Identifying fecal microbiota signatures of colorectal cancer in a Vietnamese cohort

Pham Thi Tuyet Nhung; Hang Thi Thu Le; Quang Huy Nguyen; Dao Thi Huyen; Dong Van Quyen; Le Huu Song; Tran Van Thuan; Tam Thi Thanh Tran

doi:10.3389/fmicb.2024.1388740

Identifying fecal microbiota signatures of colorectal cancer in a Vietnamese cohort

Front Microbiol. 2024 Dec 24:15:1388740. doi: 10.3389/fmicb.2024.1388740. eCollection 2024.

Authors

Pham Thi Tuyet Nhung^{1

2}, Hang Thi Thu Le³, Quang Huy Nguyen³, Dao Thi Huyen⁴, Dong Van Quyen^{3

5}, Le Huu Song^{2

4}, Tran Van Thuan¹, Tam Thi Thanh Tran³

Affiliations

¹ Hanoi Medical University, Hanoi, Vietnam.
² 108 Military Central Hospital, Hanoi, Vietnam.
³ Department of Life Sciences, University of Science and Technology of Hanoi, Vietnam Academy of Science and Technology, Hanoi, Vietnam.
⁴ Vietnamese-German Center for Medical Research (VG-CARE), Hanoi, Vietnam.
⁵ Molecular Microbiology Lab, Institute of Biotechnology (IBT), Vietnam Academy of Science and Technology (VAST), Hanoi, Vietnam.

Abstract

Background: Colorectal cancer (CRC) is among the top three causes of global cancer mortality. In Vietnam, CRC is the third leading cause of death in women and the fourth cause of cancer mortality in men. A large number of metagenomic studies have reported the relationship between altered composition and function of the gut microbiota with CRC, but this relationship in low- and middle-income countries including Vietnam (with an estimated population of 100.3 million people in 2023, ranking 16th largest country by population in the world) is not well-explored.

Methods: We collected clinical data and fecal samples from 43 CRC patients and 44 healthy control subjects. The total community DNA of microorganisms was extracted from the fecal samples and analyzed for microbiota composition using Illumina MiSeq amplicon sequencing targeting the V3-V4 region of the 16S rRNA gene.
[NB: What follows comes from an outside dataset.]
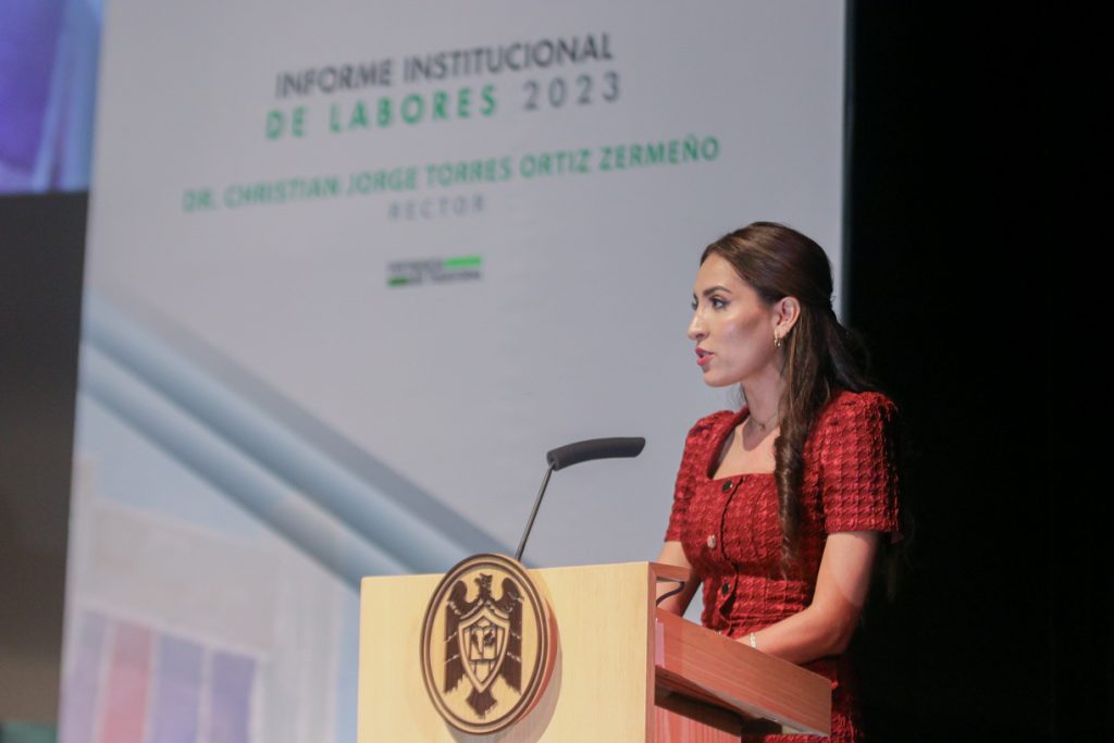 Zhared Pérez-Pérez, profesora de tiempo completo del Bachillerato 15, en nombre de las y los integrantes de la Comisión de Glosa, leyó el dictamen en el que fue aprobado el Tercer Informe de Labores del doctor Christian Jorge Torres Ortiz Zermeño, “porque cumple plenamente con lo establecido en la Ley Orgánica de la Universidad. El informe presenta de manera clara y analítica los logros y avances de la institución durante el tercer año de su gestión, acorde con los parámetros del Plan Institucional de Desarrollo 2022-2025”.

Results: We identified a significant difference in the overall fecal microbiota composition between CRC patients and healthy controls, and we detected several CRC-associated microbial signatures in fecal samples of Vietnamese patients with CRC, which overlapped with signatures from other countries and meta-analyses. Although patients with (n = 8) and without (n = 35) type 2 diabetes (T2D) exhibited distinct gut microbiota composition compared to healthy controls, increased relative abundances of putatively pathogenic species including Parvimonas micra, Peptostreptococcus stomatis, and Prevotella intermedia were consistent biomarkers for CRC. In contrast, several health-associated species were significantly depleted in CRC patients such as Lactobacillus johnsonii and Bifidobacterium longum in CRC/non-T2D patients, Ruminococcus species, Bacteroides uniformis, and Phascolarctobacterium faecium in CRC/T2D patients, and Butyricicoccus pullicaecorum in both CRC groups combined.
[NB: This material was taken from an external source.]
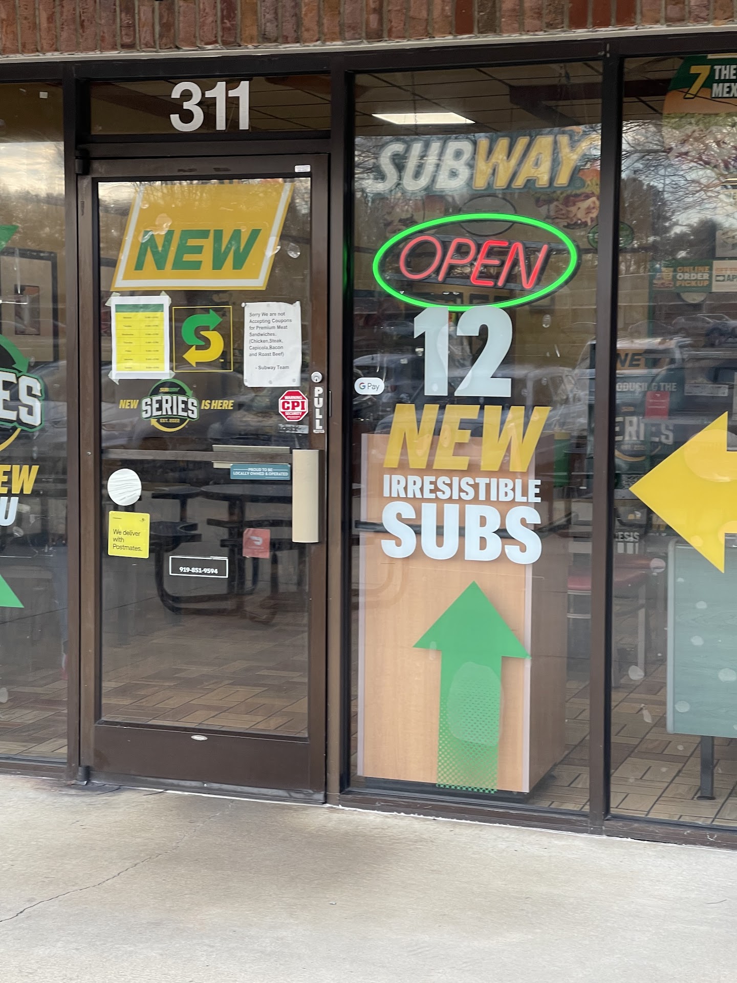 Subway is not my first choice for a sandwich shop, I only came to this one because we had coupons that came in the mail so I said âwhy notâ. The coupon we had lets you get two footlongs for 12.99. We got there realized we had accidentally torn the date so we went back to the car and got the piece that showed the valid date and showed it to the guy And started our order. When we got to the check out the coupon due to being torn funnily wouldnât scan so the guy said we would have to pay full price even tho we had our valid coupon. I ran out to the car to get the booklet in hope of finding the missing piece of barcode and when I got back they had torn up the coupon but seeing the booklet they found another coupon of lesser value and used that one. I donât understand why they couldnât find a way to enter the coupon manually seeing as we had a valid coupon it just wouldnât scan or even just comping the difference. I wouldnât have spent my money there had I known my coupon wouldnât work. Not wanting to waste we paid the extra and left but not only were our sandwiches alright at best the incident left a bad taste in my mouth. I wonât be going back. A visit that would have cost us maybe $14 w/tax wound up costing just abt $20. not a lot of money but its the principle, very...

Conclusion: Our findings confirm alterations in gut microbiota composition in CRC in a pilot Vietnamese cohort and highlight several gut microbial taxa that may have inhibitory or driver roles in CRC. This and future studies will enable the development of cancer diagnostics and treatment strategies for CRC in Vietnam, with a focus on targeting the microbiota.
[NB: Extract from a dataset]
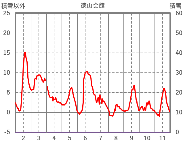 | 日 | 時 | 気温 | 降水 | 風向/風速 | 日照 | 積雪 | 降雪 |

Keywords: 16S rRNA amplicon sequencing; Vietnamese patients; cancer signatures; colorectal cancer; fecal microbiota.

Grants and funding

The author(s) declare financial support was received for the research, authorship, and/or publication of this article. This research was funded by Vietnam National Foundation for Science and Technology Development (NAFOSTED) under grant number 108.04-2021.22. This study was supported by the 108 Military Central Hospital, the Vietnamese-German Center for Medical Research (VG-CARE), and the University of Science and Technology of Hanoi.